ASSIGNED TASK — Leave out every picture, and restate word for word only the lines from the one containing "İthal Turuncu &" through the end of the material.

DATA BLOCK —
-=-=-=-=-

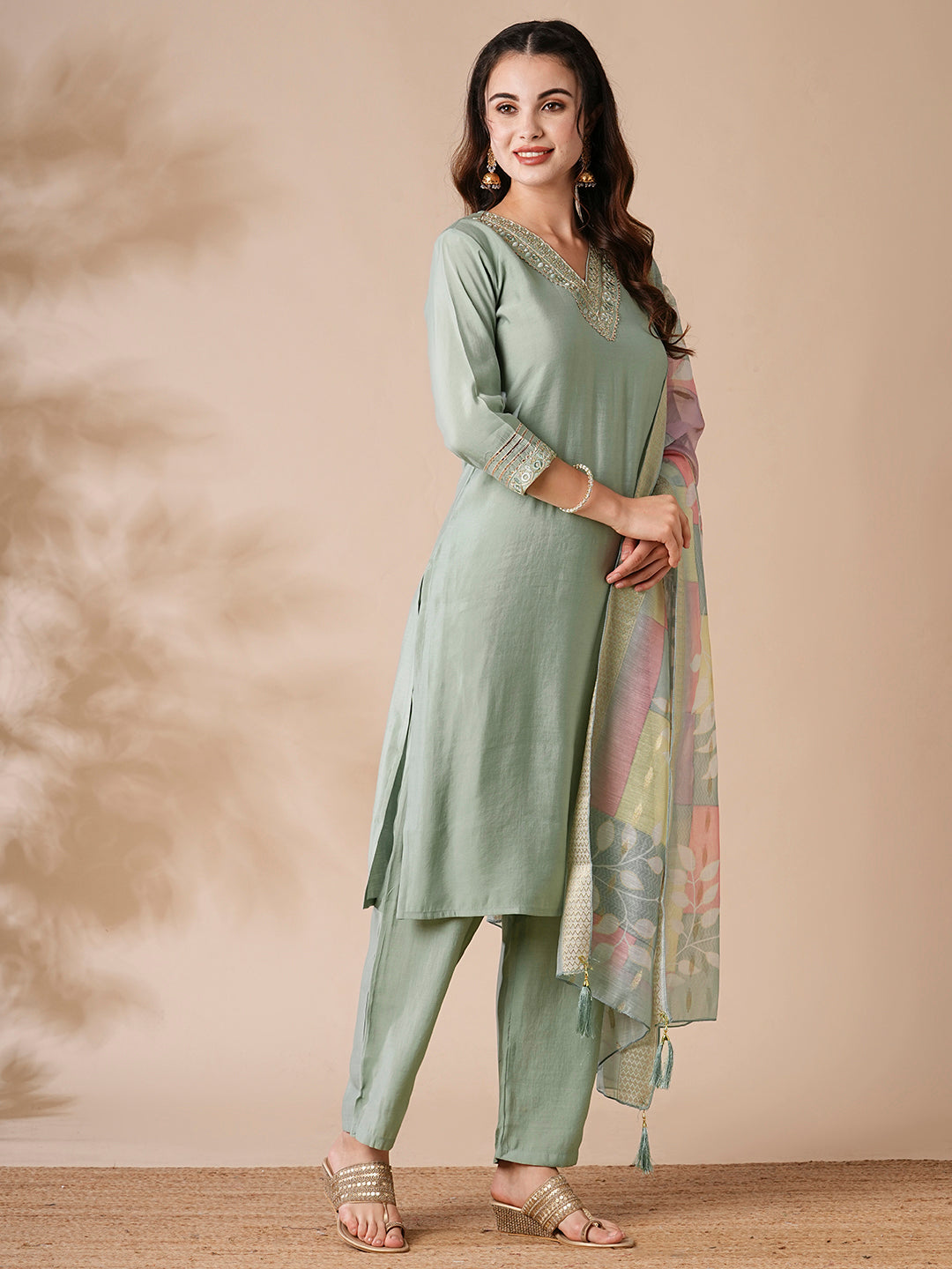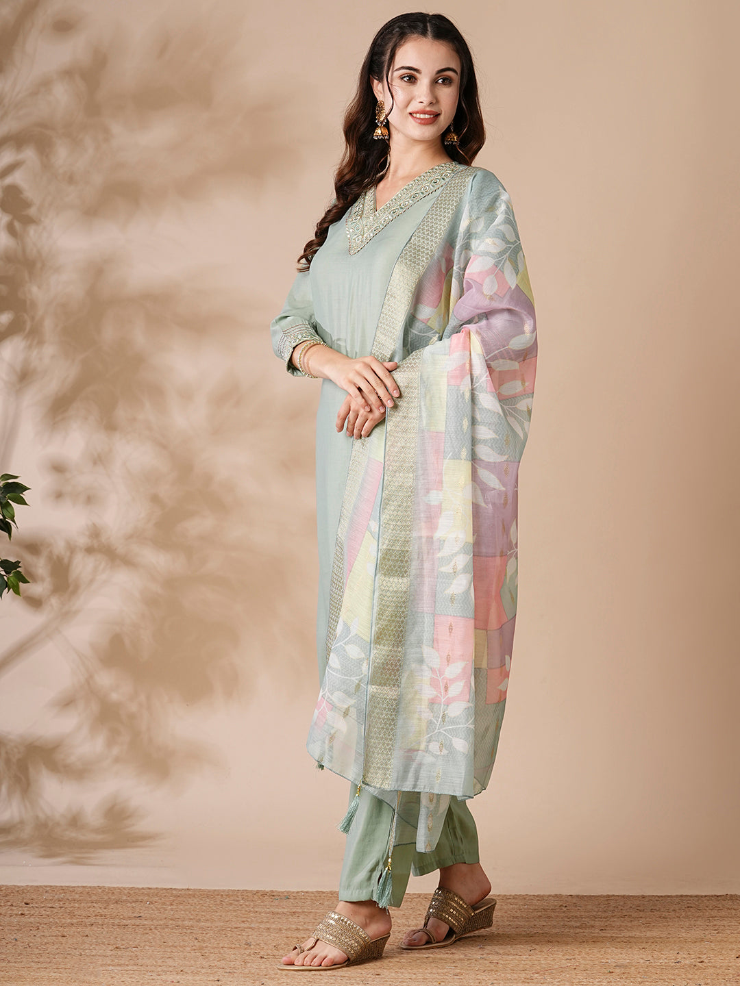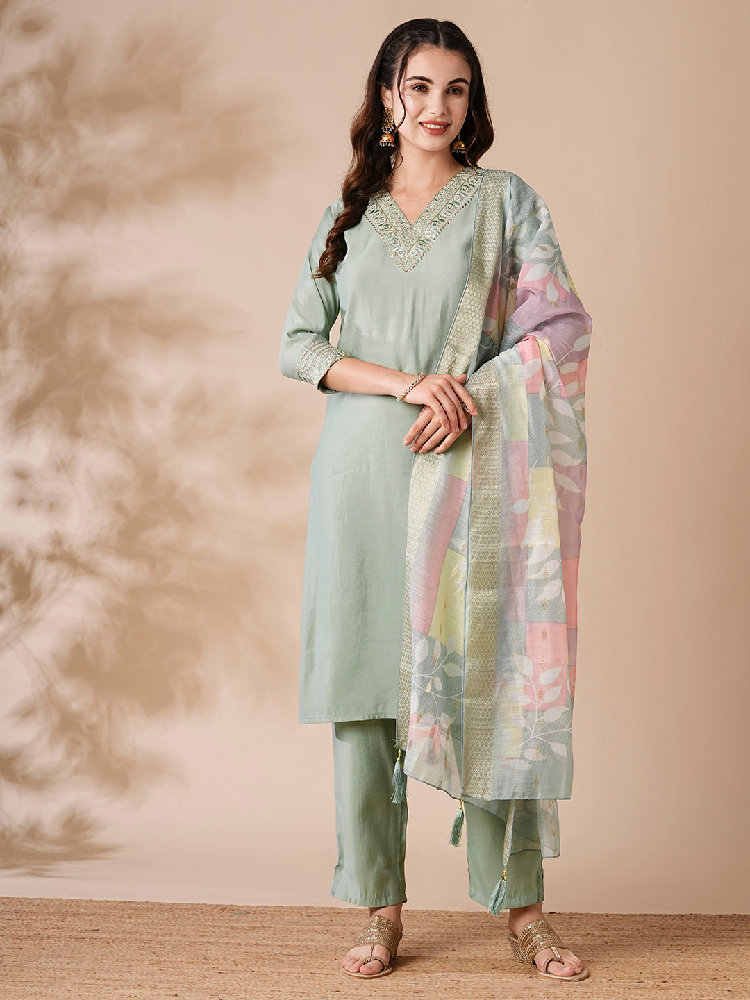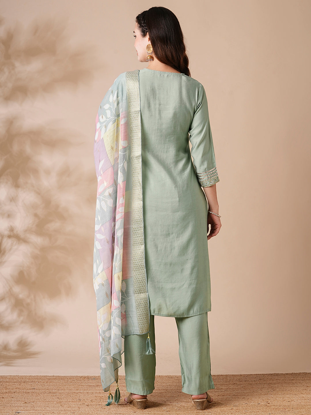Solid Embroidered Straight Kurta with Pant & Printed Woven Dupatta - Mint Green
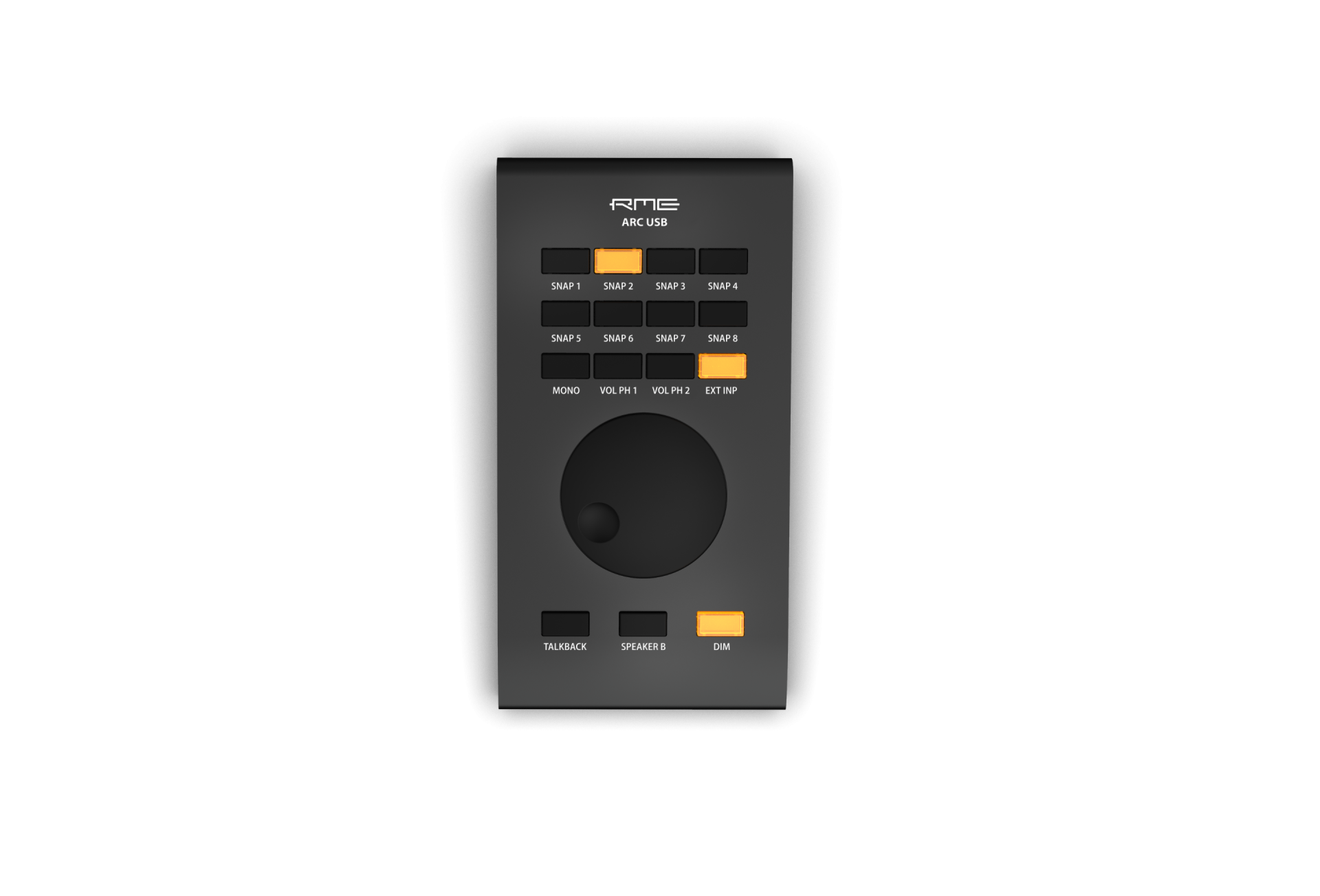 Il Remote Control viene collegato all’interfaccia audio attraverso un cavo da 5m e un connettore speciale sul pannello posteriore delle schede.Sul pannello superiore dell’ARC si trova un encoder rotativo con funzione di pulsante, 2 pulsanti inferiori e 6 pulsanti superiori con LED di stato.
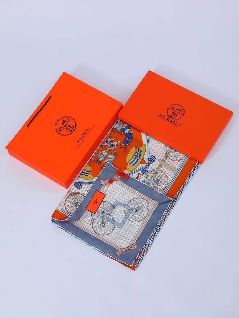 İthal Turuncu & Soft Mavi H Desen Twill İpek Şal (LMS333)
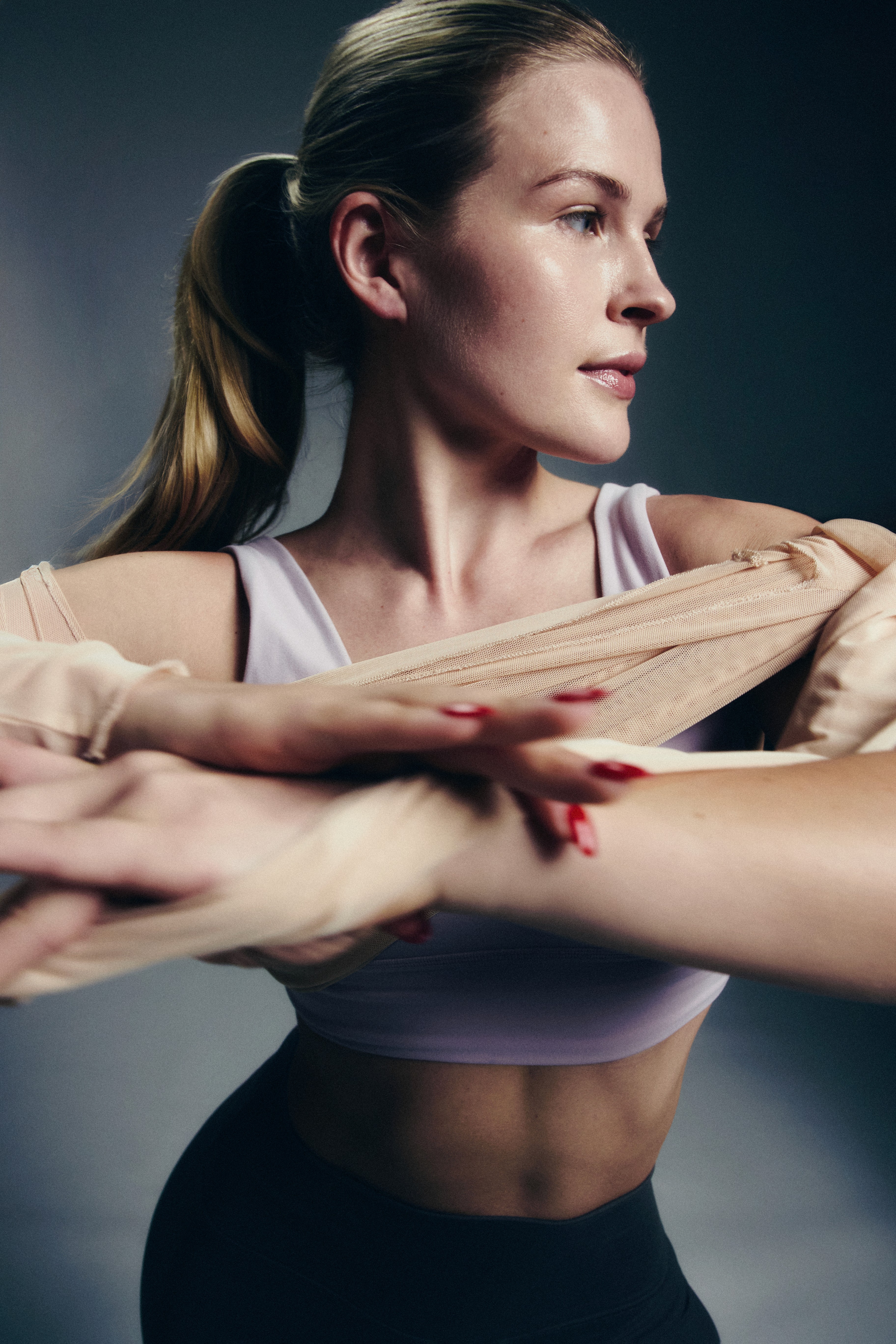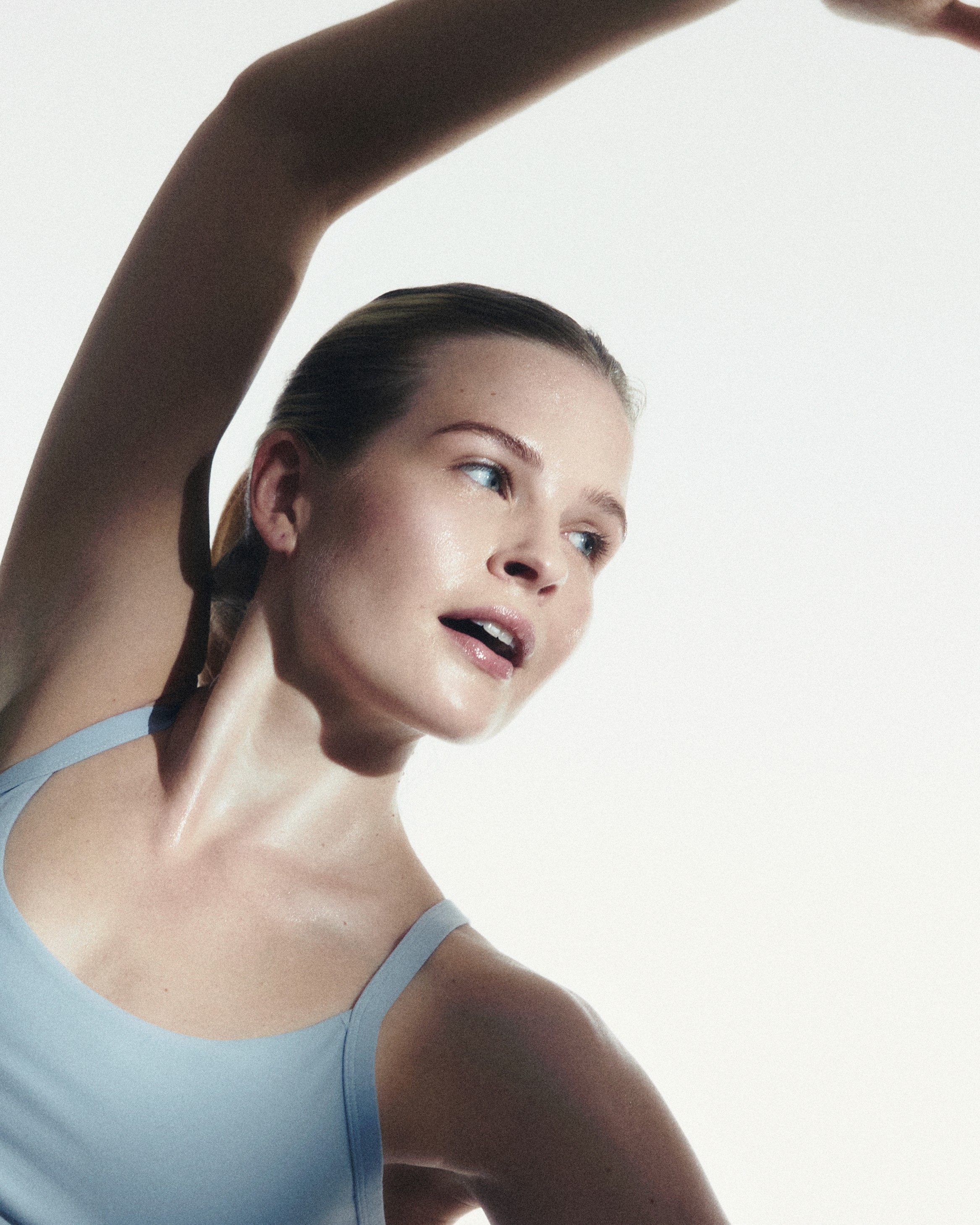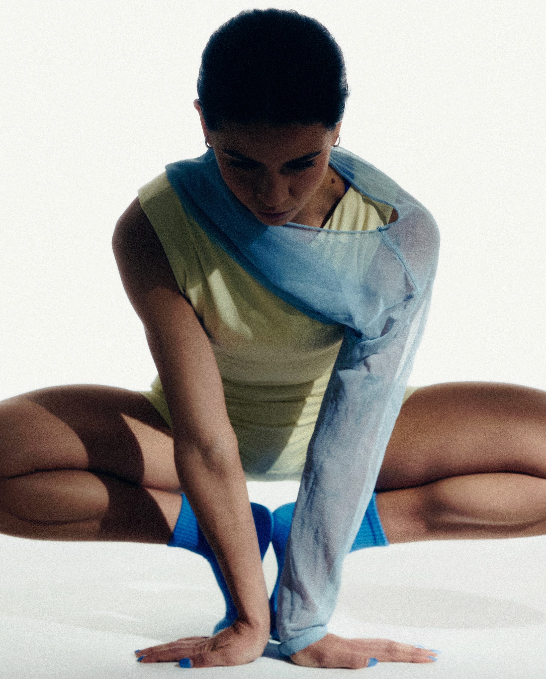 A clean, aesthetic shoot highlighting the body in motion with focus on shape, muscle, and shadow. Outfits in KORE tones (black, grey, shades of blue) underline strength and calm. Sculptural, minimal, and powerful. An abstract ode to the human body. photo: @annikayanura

-=-=-=-=-

FINAL ANSWER —
 İthal Turuncu & Soft Mavi H Desen Twill İpek Şal (LMS333)
 A clean, aesthetic shoot highlighting the body in motion with focus on shape, muscle, and shadow. Outfits in KORE tones (black, grey, shades of blue) underline strength and calm. Sculptural, minimal, and powerful. An abstract ode to the human body. photo: @annikayanura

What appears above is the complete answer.